YOUR INSTRUCTIONS: Each entry should be transcribed exactly as written, and any picture left out.

EXTRACTED ENTRIES:

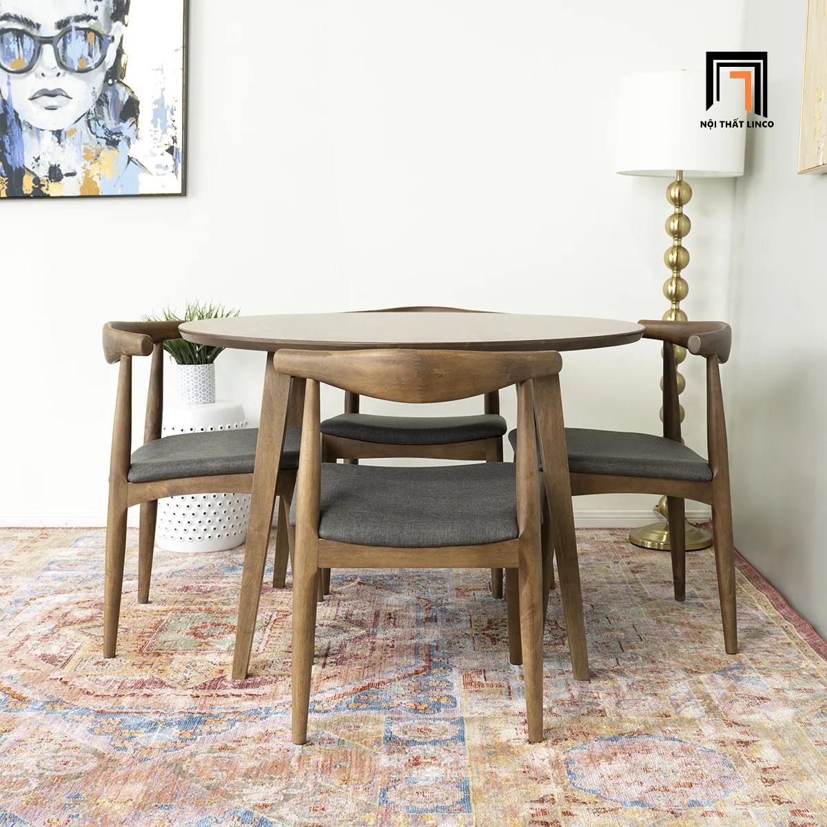 Bộ bàn ăn gỗ hình tròn giá rẻ 44-KH4-G12-B93 4 ghế ngồi nhỏ gọn
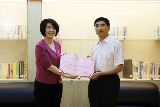 校长刘珊珊为梁振爱主任颁发捐赠证书
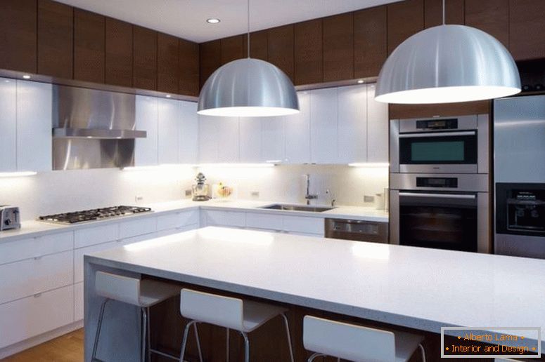 Además, un sistema de iluminación bien diseñado que consta de varios niveles jugó un papel importante. Aquí se utilizan apliques, una lámpara y una lámpara de pie que iluminan un área pequeña, y techos en el techo, diseñados para la expansión visual de las paredes gracias a un juego de luz creado de manera competente.
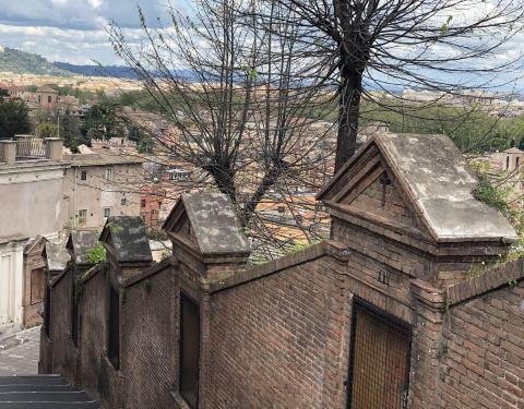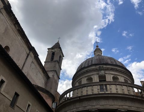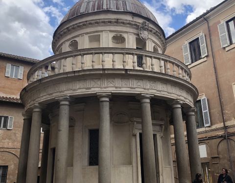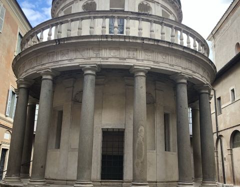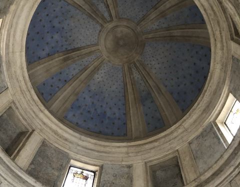 罗马胡同之旅的景点之一,就在半山腰上,旅客非常好,免费入内参观回廊和修道院~ 布拉曼特是个很牛逼的人物,具体请度娘,我也是看到介绍才对他有所了解,绝对涨姿势❗️ 修道院本身不大,这个穹顶是不是似曾相识呢,佛罗伦萨的圣母百花大教堂,万神殿都是这一款式,它的名气虽然小很多,不过小巧精致,别有一番风味,据说这是建筑系学生都需要来打卡,膜拜的建筑之一噢!
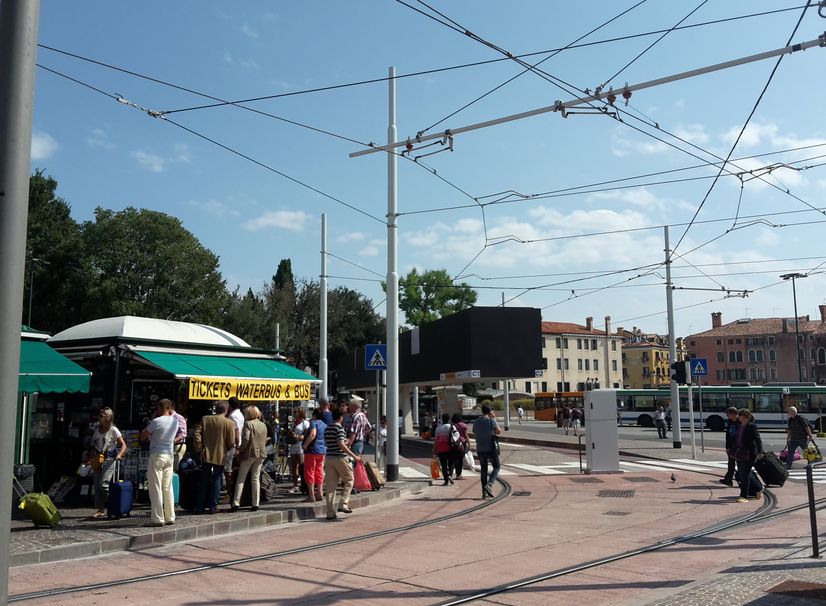| Station for Translohr guided trolleybus, not yet operational. Venezia Piazzale Roma, 2015-09-02. (In background you can see regular diesel buses connecting to the mainland.) |
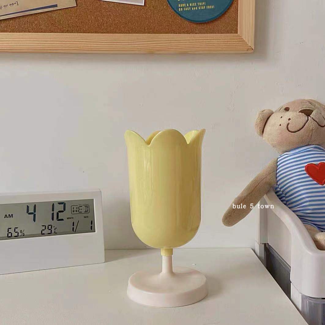 Ins 동일 스타일 튤립 펜 케이스 소녀의 하트 펜 케이스 화장품 브러시 저장 배럴 복고풍 꽃 장식품 사진 소품스토어 가기
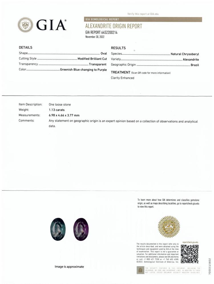 A loose oval shape Brazilian Natural Alexandrite of 1.13ct (with GIA Report #6452200214 stating colour change from Greenish blue to purple) (As new)
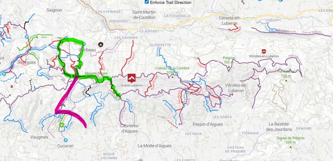 Et si 2 voitures avec un peu de place, pourquoi pas manip voiture (30min de route) pour aller 1j sur le Grand Luberon, avec la DFCI pentue qu'on a déjà fait il y a quelques années au départ du sud, puis descendre au nord par La Femme Morte pour remonter au Mourre Nègre et revenir face sud.
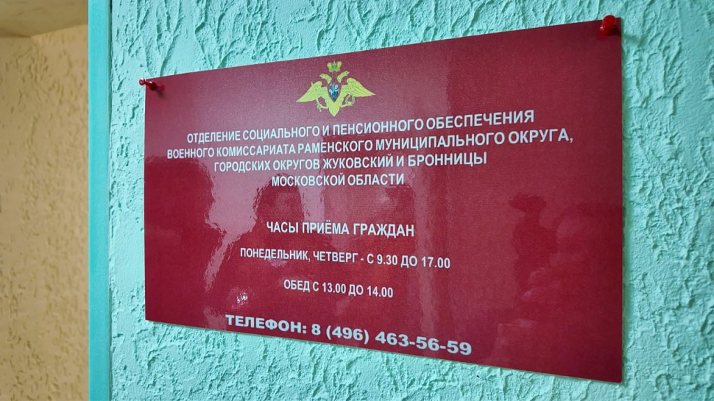 С 12 января 2026 года отделение социального и пенсионного обеспечения военного комиссариата Раменского муниципального округа, городских округов Жуковский и Бронницы Московской области изменило адрес.
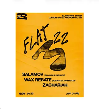 FLAT 22 takes place at TBA - Maya Marylebone in London, United Kingdom on April 24, 2026. Featuring salameh. House and Deep House sounds all night.
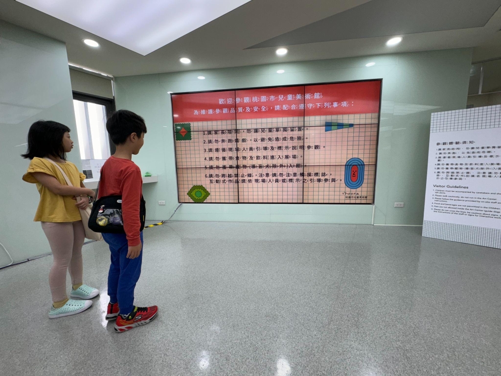 阿皮和阿兜首先自導自玩了一輪,跟著他們一起,我發現他們和幼兒時期強烈依賴多元互動的狀態很大不同;彷彿,長成是「大孩」的他們,已經可以在這一種「議題式展覽」待得比較久,可以自己閱讀,找到自己看展覽的方式;而這樣社會化的方式,也剛巧回應了桃園市兒童美術館在一進入館內時強調的「請勿奔跑嬉戲」、「遵循現場引導及標示說明參觀」、「請勿跨越禁止線」、「注意請勿觸摸標誌」和「互動式作品請依現場人員或標示引導參與」等規則。

RESULT:
 Bộ bàn ăn gỗ hình tròn giá rẻ 44-KH4-G12-B93 4 ghế ngồi nhỏ gọn
 校长刘珊珊为梁振爱主任颁发捐赠证书
 Además, un sistema de iluminación bien diseñado que consta de varios niveles jugó un papel importante. Aquí se utilizan apliques, una lámpara y una lámpara de pie que iluminan un área pequeña, y techos en el techo, diseñados para la expansión visual de las paredes gracias a un juego de luz creado de manera competente.
 罗马胡同之旅的景点之一,就在半山腰上,旅客非常好,免费入内参观回廊和修道院~ 布拉曼特是个很牛逼的人物,具体请度娘,我也是看到介绍才对他有所了解,绝对涨姿势❗️ 修道院本身不大,这个穹顶是不是似曾相识呢,佛罗伦萨的圣母百花大教堂,万神殿都是这一款式,它的名气虽然小很多,不过小巧精致,别有一番风味,据说这是建筑系学生都需要来打卡,膜拜的建筑之一噢!
| Station for Translohr guided trolleybus, not yet operational. Venezia Piazzale Roma, 2015-09-02. (In background you can see regular diesel buses connecting to the mainland.) |
 Ins 동일 스타일 튤립 펜 케이스 소녀의 하트 펜 케이스 화장품 브러시 저장 배럴 복고풍 꽃 장식품 사진 소품스토어 가기
 A loose oval shape Brazilian Natural Alexandrite of 1.13ct (with GIA Report #6452200214 stating colour change from Greenish blue to purple) (As new)
 Et si 2 voitures avec un peu de place, pourquoi pas manip voiture (30min de route) pour aller 1j sur le Grand Luberon, avec la DFCI pentue qu'on a déjà fait il y a quelques années au départ du sud, puis descendre au nord par La Femme Morte pour remonter au Mourre Nègre et revenir face sud.
 С 12 января 2026 года отделение социального и пенсионного обеспечения военного комиссариата Раменского муниципального округа, городских округов Жуковский и Бронницы Московской области изменило адрес.
 FLAT 22 takes place at TBA - Maya Marylebone in London, United Kingdom on April 24, 2026. Featuring salameh. House and Deep House sounds all night.
 阿皮和阿兜首先自導自玩了一輪,跟著他們一起,我發現他們和幼兒時期強烈依賴多元互動的狀態很大不同;彷彿,長成是「大孩」的他們,已經可以在這一種「議題式展覽」待得比較久,可以自己閱讀,找到自己看展覽的方式;而這樣社會化的方式,也剛巧回應了桃園市兒童美術館在一進入館內時強調的「請勿奔跑嬉戲」、「遵循現場引導及標示說明參觀」、「請勿跨越禁止線」、「注意請勿觸摸標誌」和「互動式作品請依現場人員或標示引導參與」等規則。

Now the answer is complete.